▸ **Exercise brief**:
Set down each of the records below exactly as it reads. No pictures go into the copy.

▸ **Recorded information**:
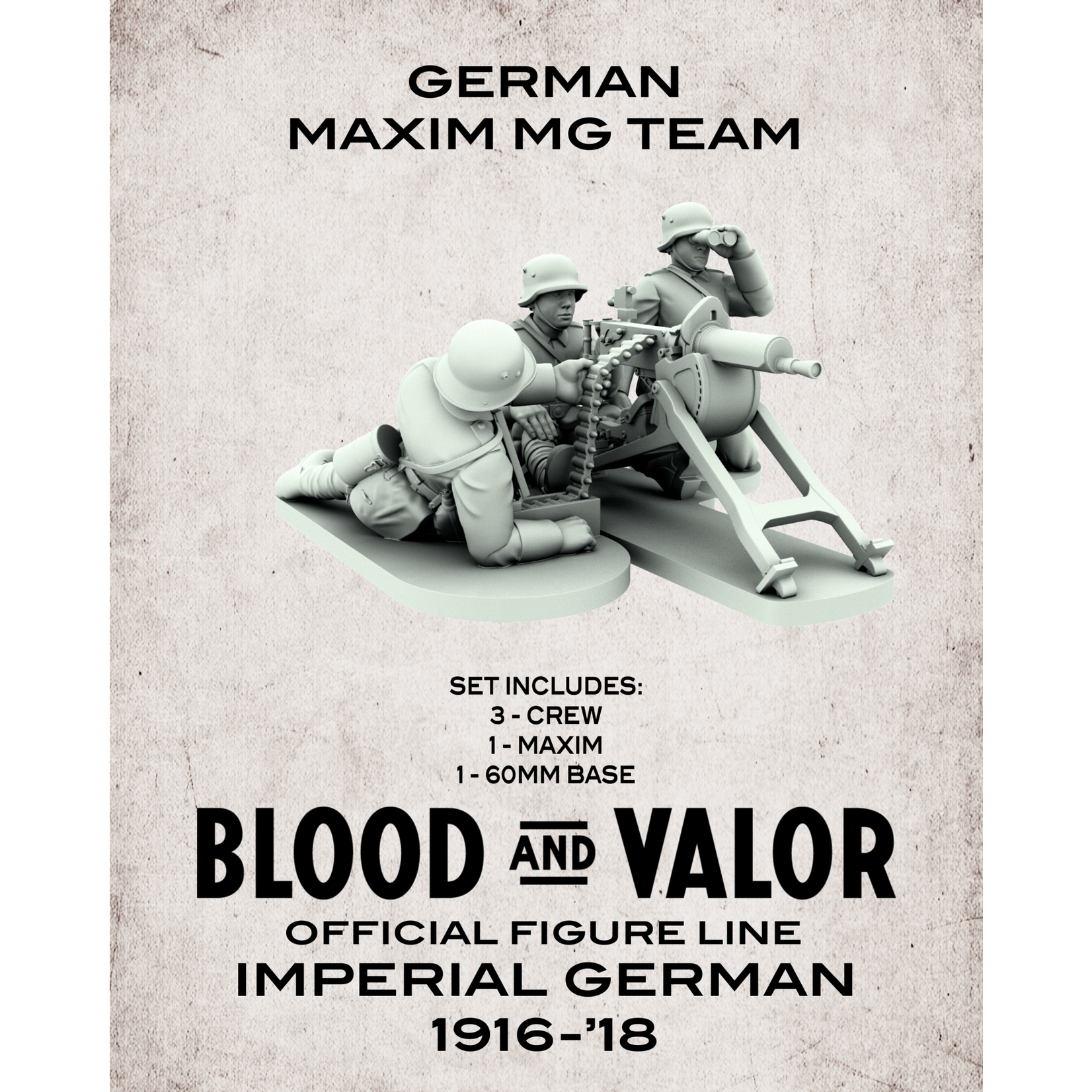 Add more firepower to your force with this Maxim MG Team expansion set. Designed for use with Firelock Games Blood & Valor WWI Rules. Figures sized 29mm(foot to eyes) Resin Models
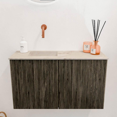 Mondiaz JOYA-DLUX 70cm meuble de salle de bains - couleur Shadow - Vasque FAYE position Gauche Sans trou de robinet couleur Frappe.
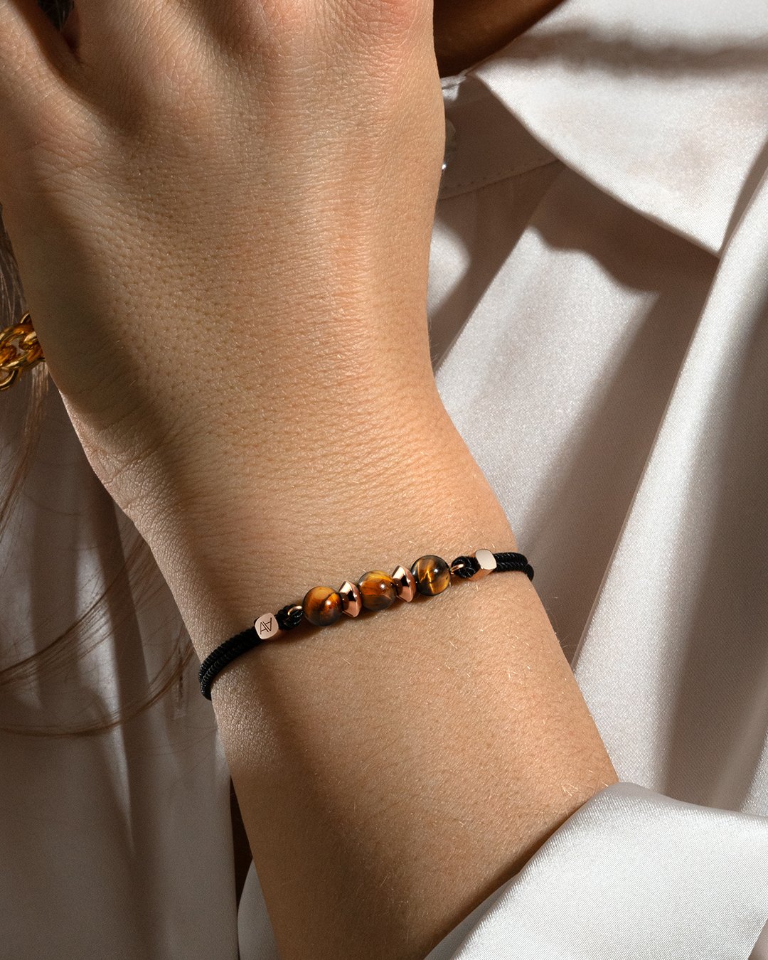 Das Armband Messineto verkörpert durch die harmonische Kombination eines fein gewebten Baumwollbandes, sorgfältig von Hand polierter rosévergoldeter Edelstahlkomponenten und drei wunderschöner Tigeraugen Perlen, Eleganz.
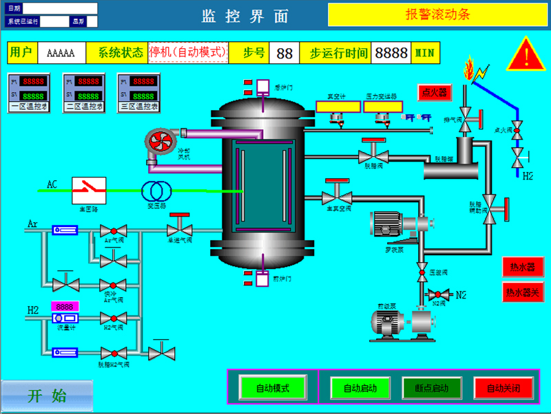 通過我們公司的系統可以時時監控水壓、電壓、氣壓。能按工藝自動完成生產。有效的節省人力、物力等方面的成本。提高了產品的合格率。為公司創造更大的利潤。我們的軟件廣泛用于高真空釬焊爐、石墨化爐、碳化爐、TP爐、熔煉爐、碳化硅燒結爐、金屬鉭片爐、鎢絲高溫真空爐、藍鎢爐等
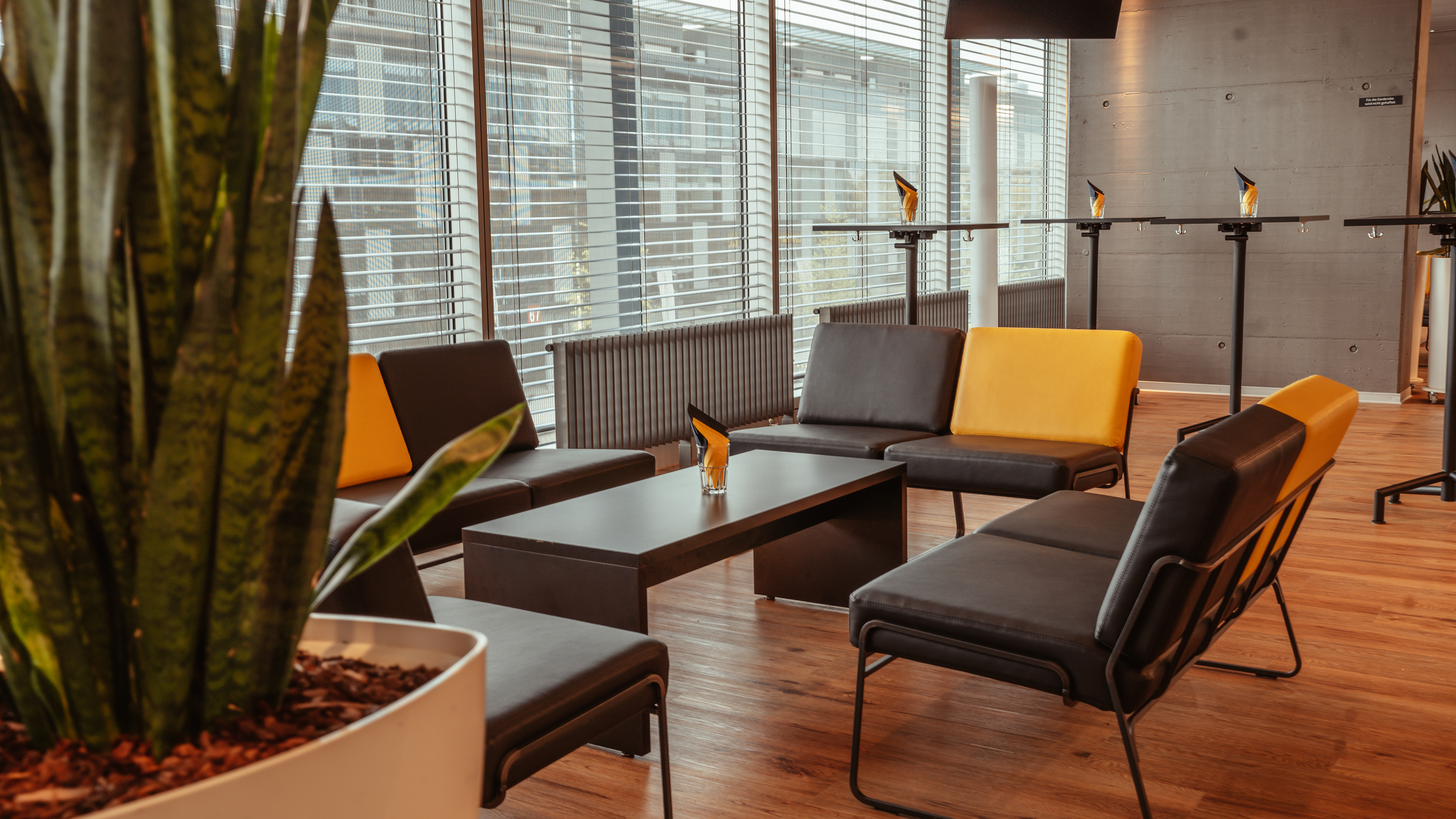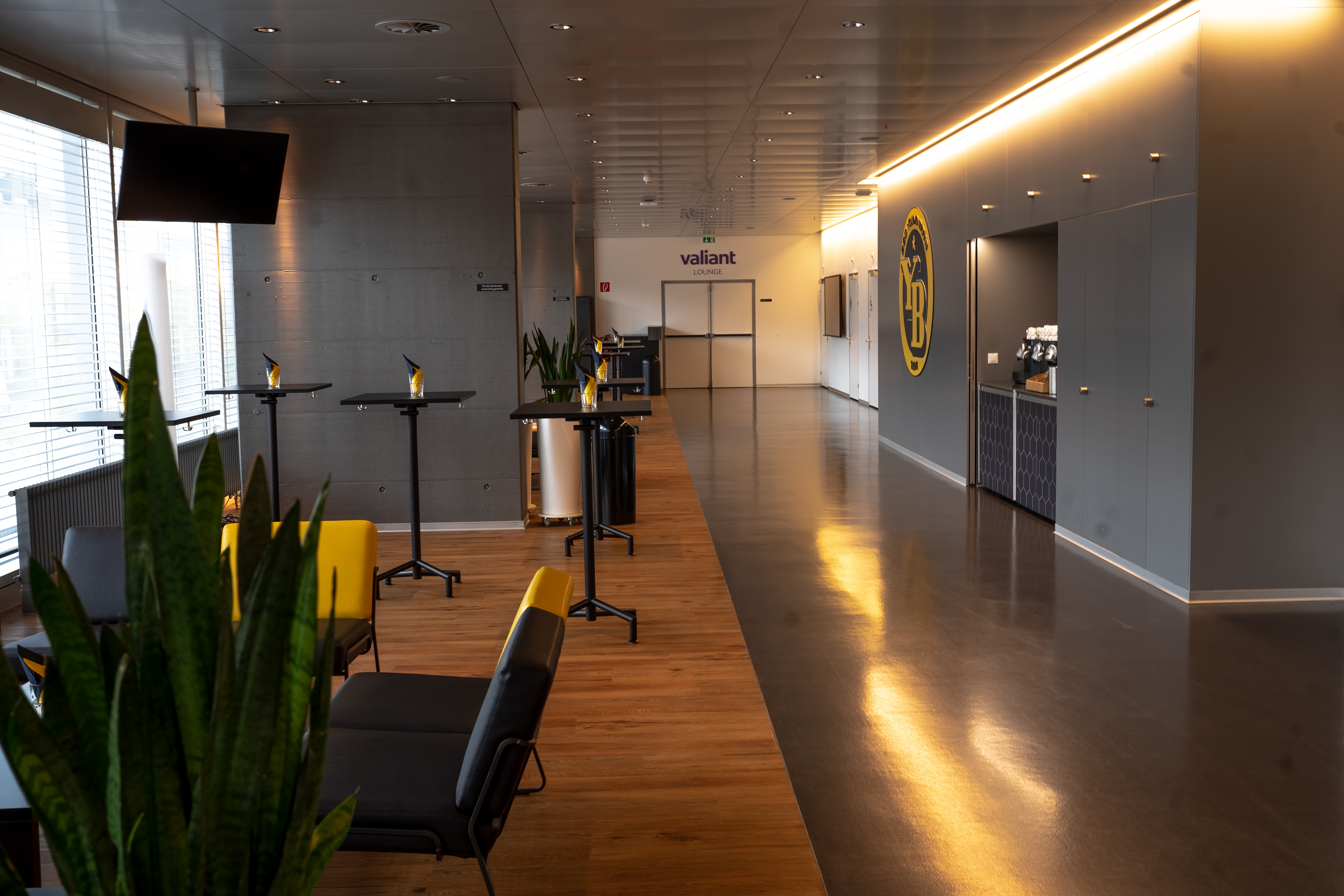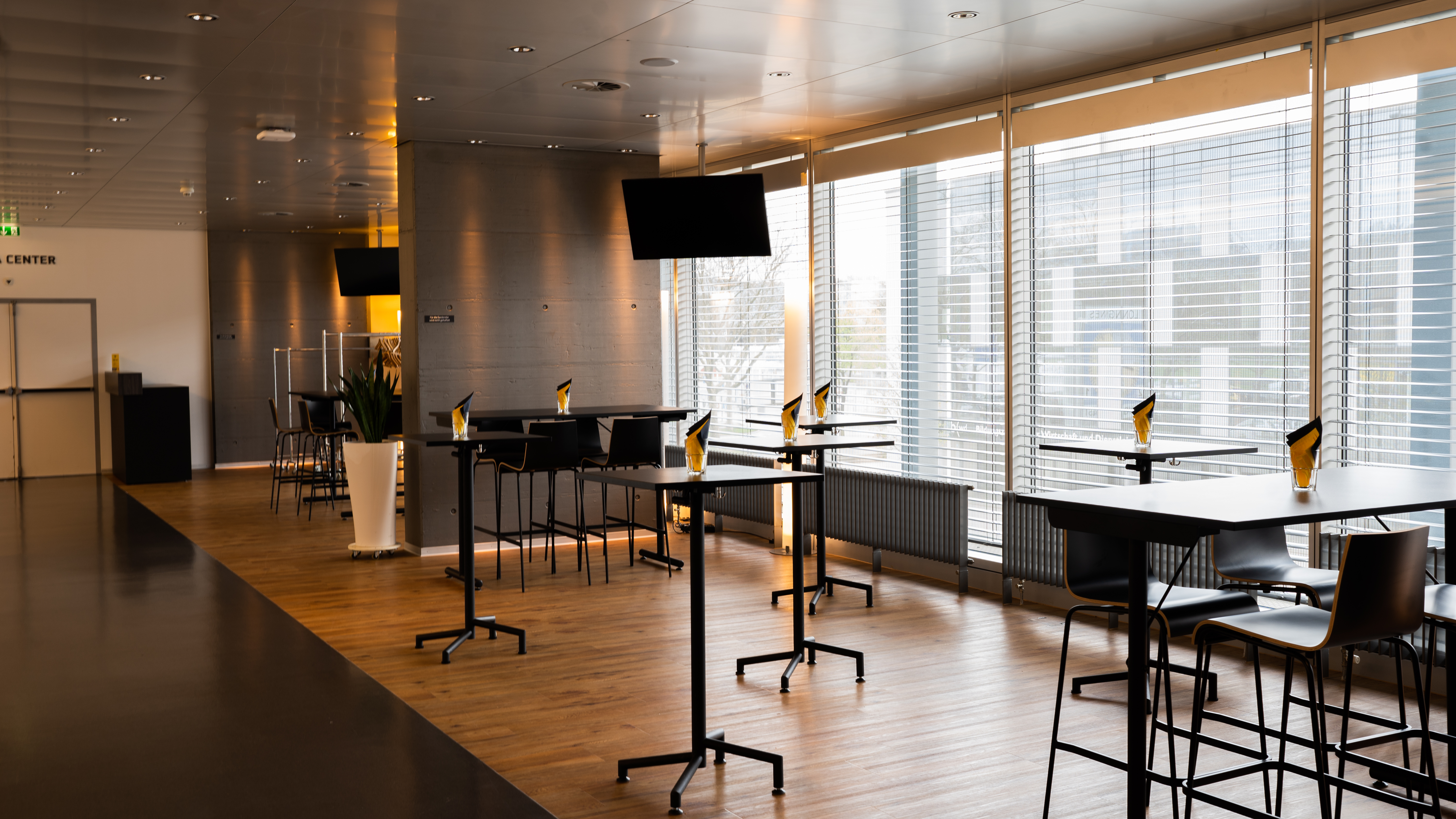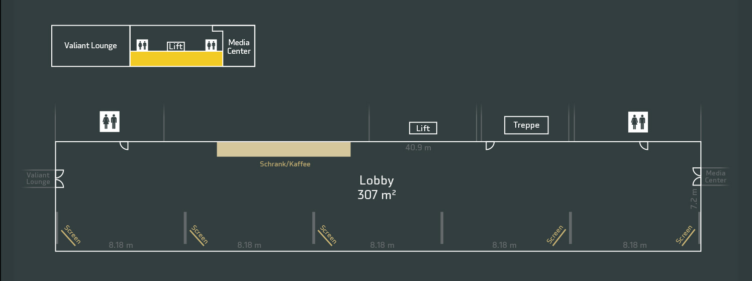 Die Lobby befindet sich auf dem zweiten Stock zwischen der Valiant Lounge und dem Media Center. Sie passt gut für Caterings aller Art an Stehtischen und eignet sich aber auch als Empfangsbereich oder Registration für Veranstaltungen.

▸ **Output below**:
 Add more firepower to your force with this Maxim MG Team expansion set. Designed for use with Firelock Games Blood & Valor WWI Rules. Figures sized 29mm(foot to eyes) Resin Models
 Mondiaz JOYA-DLUX 70cm meuble de salle de bains - couleur Shadow - Vasque FAYE position Gauche Sans trou de robinet couleur Frappe.
 Das Armband Messineto verkörpert durch die harmonische Kombination eines fein gewebten Baumwollbandes, sorgfältig von Hand polierter rosévergoldeter Edelstahlkomponenten und drei wunderschöner Tigeraugen Perlen, Eleganz.
 通過我們公司的系統可以時時監控水壓、電壓、氣壓。能按工藝自動完成生產。有效的節省人力、物力等方面的成本。提高了產品的合格率。為公司創造更大的利潤。我們的軟件廣泛用于高真空釬焊爐、石墨化爐、碳化爐、TP爐、熔煉爐、碳化硅燒結爐、金屬鉭片爐、鎢絲高溫真空爐、藍鎢爐等
 Die Lobby befindet sich auf dem zweiten Stock zwischen der Valiant Lounge und dem Media Center. Sie passt gut für Caterings aller Art an Stehtischen und eignet sich aber auch als Empfangsbereich oder Registration für Veranstaltungen.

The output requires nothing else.